Course description: This course focuses on the intersection of creativity, digital arts, and AI, particularly in performance. The key concepts covered in this course includes critical understanding of the social, cultural, and political implications of AI in performance; understanding theories of embodiment and performance; designing interactive performance systems with sensors and actuators; exploring the use of AI for creating immersive and participatory performance experiences; and ethical considerations in embodied AI performance. Students will learn to critically evaluate the impacts of design choices in a cultural context.

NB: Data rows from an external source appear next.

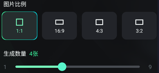 2、根据需求选择图片的比例和生成数量,点击“生成”。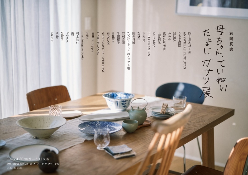 人気インフルエンサーの石岡真実さんが愛用する器やグラス、台所道具、食品、雑貨、装飾品、アパレルなどを集めた期間限定ポップアップ『母ちゃん、ていねい たまにガサツ展』。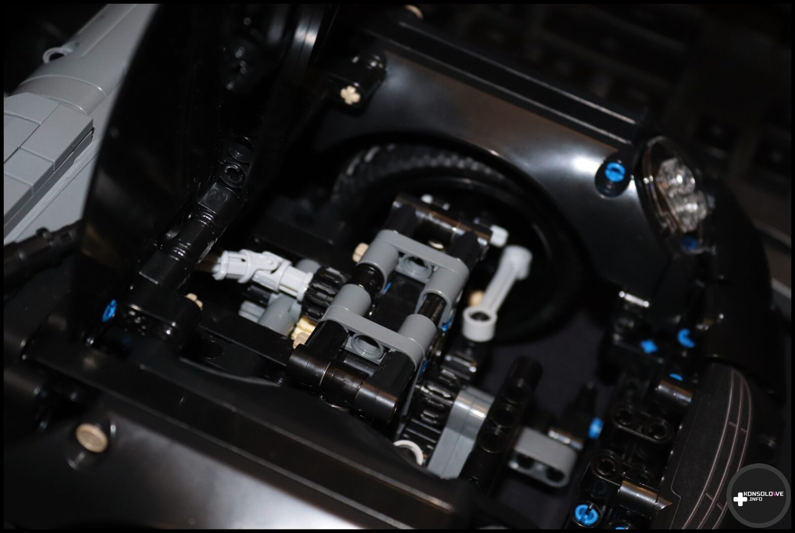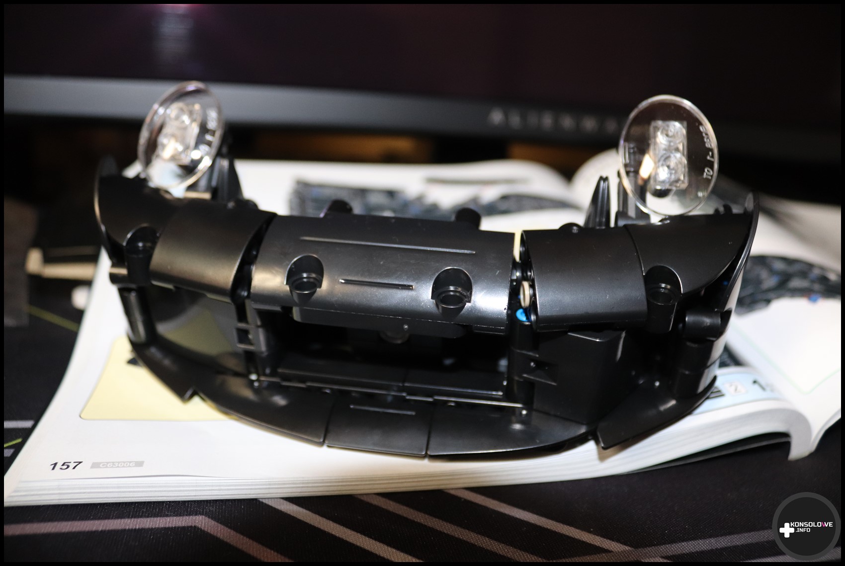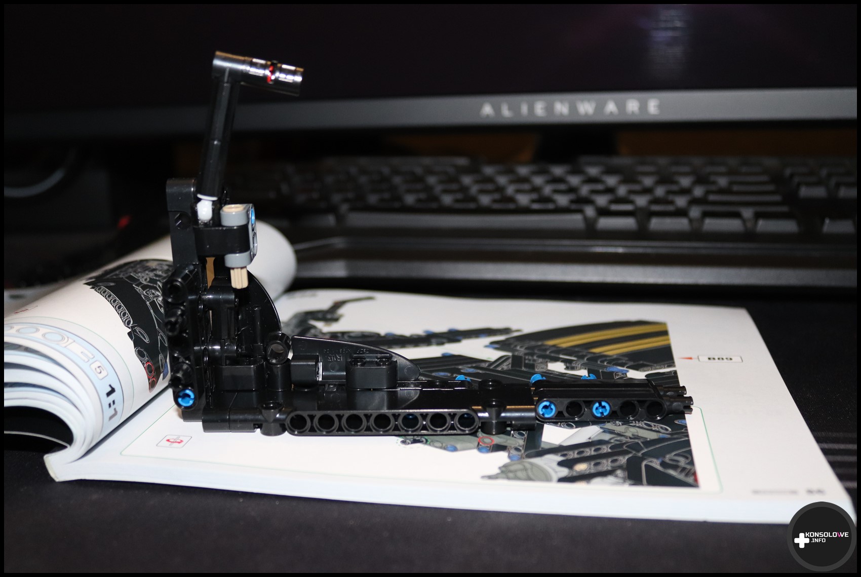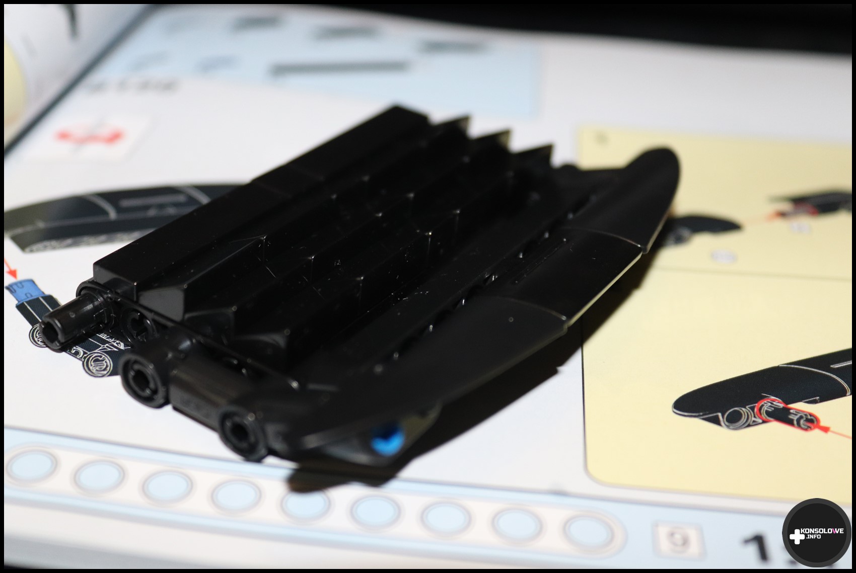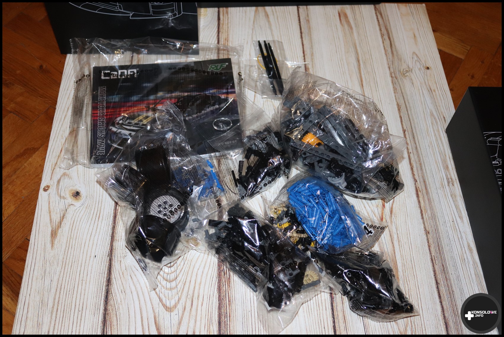 Następnie zbudujemy dość dużą bryłę, która zajmie nam niemało miejsca na biurku. Chodzi bowiem o kokpit. Co istotne, nie brakuje w nim bardzo ładnych naklejek przedstawiających różnego rodzaju wyświetlacze i wskaźniki naszego samochodu. Pulpit sterowniczy wygląda świetnie i nie ukrywam, że z ogromną przyjemnością obserwowałem, jak z poszczególnych klocków powstaje imponująca bryła. Nie bez znaczenia jest fakt, że zamontowałem także funkcjonalną kierownicę. Dzięki niej mogłem skręcać tylnymi kołami. Jednocześnie muszę Was przestrzec – jeśli chcielibyście jeździć i skręcać tym samochodem, to bez zainwestowania w osobny silnik nie ma takiej możliwości. Oś skrętu w żaden sposób nie jest połączona z zewnętrznymi elementami pojazdu (w przeciwieństwie na przykład do batmobilu z 2022 roku, który recenzowałem w tym miejscu). Niemniej jednak dzięki temu bryła samochodu od CaDA wygląda bardzo realistycznie po złożeniu modelu. Bardzo ładnie wyglądają też fotele, które możecie zobaczyć wyżej na zdjęciach.

Course description: In this course, students will explore the ethical, social, and cultural issues related to the design and use of interactive technologies. Through a combination of theoretical frameworks, case studies, and real-world applications, students will examine how human-computer interaction (HCI) affects users, communities, and society. Topics will include privacy, data security, accessibility, social inclusion, digital wellbeing, algorithmic bias, and the ethical responsibilities of HCI professionals. The course will also encourage students to consider the potential long-term societal impacts of emerging technologies such as AI, virtual reality, and the internet of things (IoT), and how HCI design decisions can contribute to or mitigate harm.

Assumed knowledge: Familiarity with fundamental concepts in probability, linear algebra, and statistics and programming. 

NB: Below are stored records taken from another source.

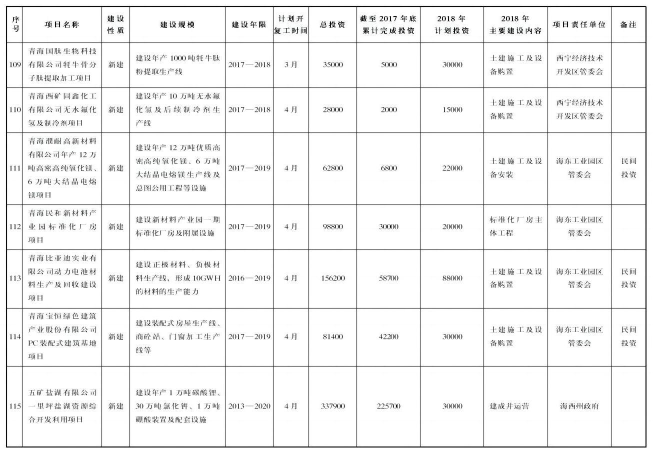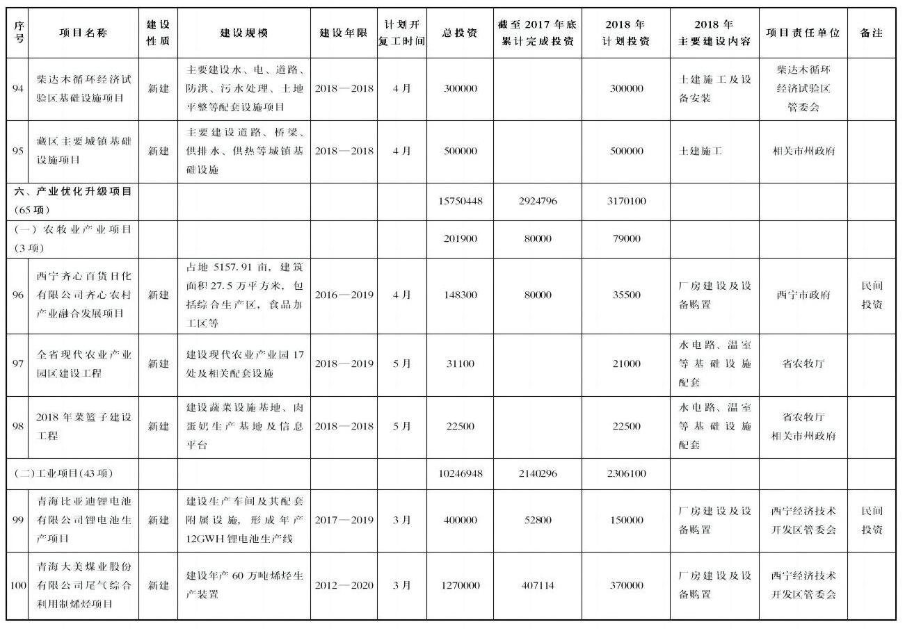 ——产业优化升级项目65项,年度计划完成投资317亿元。主要包括煤制烯烃、比亚迪锂电池、盐湖资源综合开发利用、丝绸之路国际物流中心、茶卡盐湖景区等项目。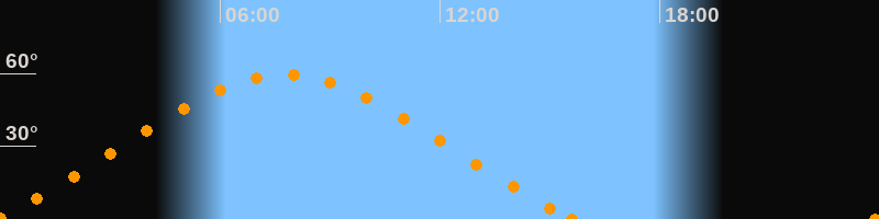 Höchster Stand (Kulmination)07:46 Uhr (h = 59.6°)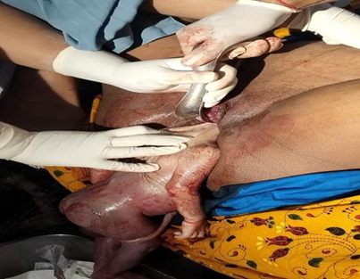 Congenital Hydrocephalus (CH), an abnormal dilatation of the cerebral ventricles, encompasses a diverse set of disorders present from birth. It causes increased intracranial pressure in the skull and causes enlargement of head, stretching of the sutures and the bones of the head become thin resulting in brain tissue to be compressed and mental defects, in severe cases it can cause death.3 About 3-4% of singleton pregnancies complicated at term by breech presentation and is associated with increased rate of perinatal morbidity and mortality. Cesarean delivery often needed to avoid potential complications like umbilical cord prolapse, birth asphyxia, and traumatic injuries in this population as vaginal delivery in such cases carries increased risks.4 Proper antenatal care with physical examinations and investigations eg. ultrasounds can avoid such an unanticipated obstetric emergency in our case. Fetal anomalies can be identified allowing the case to be managed by multidisciplinary team, proper counseling to patient and delivery planning. In a resource-limited settings, barriers to accessing antenatal care contribute to higher incidences of undiagnosed fetal conditions, underscoring the need for improved healthcare infrastructure and education.5,6

Prerequisite course/s: MTH7101 Mathematical Foundations of AI 

Course description: Probabilistic and statistical inference is the process of drawing useful conclusions about data populations or scientific truths from uncertain and noisy data. It is the foundation and an essential component of machine learning since machine learning aims to learn and improve from experience (which is represented by data). This course will cover the different modes of performing inference, including statistical modelling, data-oriented strategies, and explicit use of designs and randomization in analyses. Furthermore, it will provide in-depth treatment to the broad theories (frequentists and Bayesian) and numerous practical complexities for performing inference. This course presents the fundamentals of statistical and probabilistic inference and shows how these fundamental concepts are applied in practice. 

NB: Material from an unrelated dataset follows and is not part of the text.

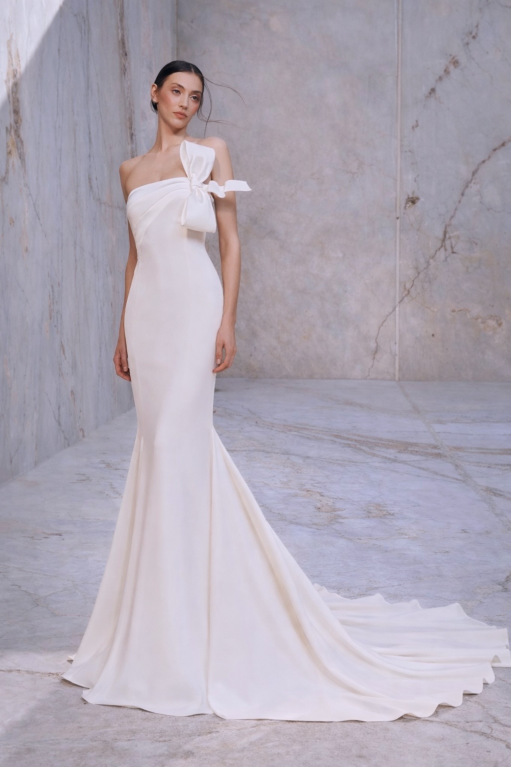 Minimalistické, ale naprosto nezapomenutelné — haute couture svatební šaty BRISEL ztělesňují moderní eleganci v té nejčistší podobě. Hladká silueta z luxusního hedvébného krepu perfektně kopíruje ženské křivky a působí neuvěřitelně sofistikovaně. Asymetrický živůtek s originálním skládáním a výraznou mašlí na rameni dodává šatům couture šmrnc i sochařský rozměr.

Assumed knowledge: Linear algebra and probability. Proficiency in Python. Basic knowledge of machine learning. 

Course description: This course focuses on building foundations and introducing recent advances in machine learning, and on developing skills for performing research to advance the state–of–the–art in machine learning. This course builds upon basic concepts in machine learning and additionally assumes familiarity with fundamental concepts in optimization and math. The course covers foundations and advanced topics in probability, statistical machine learning, supervised and unsupervised learning, deep neural networks, and optimization. Students will be engaged through coursework, assignments, and projects. 

Assumed knowledge: Students enrolling in this course should possess proficiency with high-school–level algebra and trigonometry, along with an introductory treatment of single-variable calculus (limits, basic differentiation, and elementary integration). Familiarity with manipulating simple vectors and matrices—as encountered in a first-year linear algebra or applied mathematics course—is beneficial but not strictly required; key concepts will be refreshed before deeper exploration. No prior coursework in probability or statistics is assumed.  

Course description: This seven-week course equips students with the essential mathematical tools required for modern artificial intelligence and machine learning study. Topics include single- and multivariate calculus (limits, derivatives, gradients, Jacobians, Hessians), linear algebra (vectors, matrices, eigenvalues, decompositions), and probability and statistics (discrete and continuous distributions, Bayes’ theorem, expectation, covariance, law of large numbers, central limit theorem, maximum-likelihood estimation). Emphasis is placed on conceptual understanding, geometric intuition, and hands-on problem solving that link theory to common AI algorithms such as optimization and probabilistic inference.